Self-healing conductive hydrogels based on alginate, gelatin and polypyrrole serve as a repairable circuit and a mechanical sensor

Abstract

Conductive materials including graphene, metal and conjugated polymers, combined with self-healing hydrogels are attracting increasing attention in biosensors and bioelectrodes. In this work, we propose one self-healing conductive hydrogel with good morphology and performance based on an alginate–gelatin network and polypyrrole (Ppy) via low-temperature fabrication. The alginate/gelatin network consists of extensive reversible Schiff base units that can act as dynamic crosslinking agents to self-heal the hydrogel. Ppy as one conductive polymer provides the hydrogel with conductivity and good mechanical properties. To demonstrate the applications, we insert the hydrogel into a disconnected circuit to repair or act as one component to light up bulbs.
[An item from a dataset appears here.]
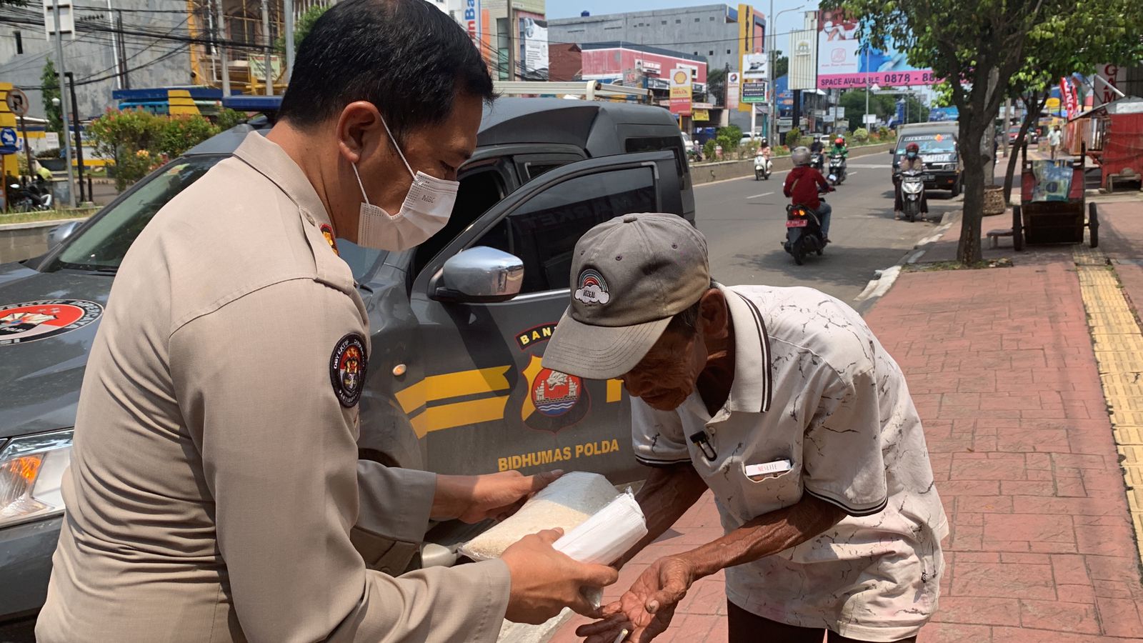 SERANG, tNews.co.id – Sebagai bentuk kepedulian Polri kepada masyarakat ditengah situasi pandemi Covid-19, Bidhumas Polda Banten melaksanakan bakti sosial dalam rangka Jumat Barokah dengan cara membagikan puluhan paket beras dan masker kepada para pemulung, tukang parkir, tukang becak, tukang ojeg pangkalan serta pengemis di sepanjang jalan Kota Serang pada Jumat (04/02).

In addition, the conductive hydrogel possesses mechanical responses towards bending or compression, thus it can monitor hand movements and paves the way to a flexible, mechanical sensor. This work proposes a facile method to fabricate one novel self-healing conductive hydrogel and demonstrates its applications in repairable circuits and mechanical sensors that may have potential prospects in circuit repair materials, biocompatible/medical devices, and flexible sensors.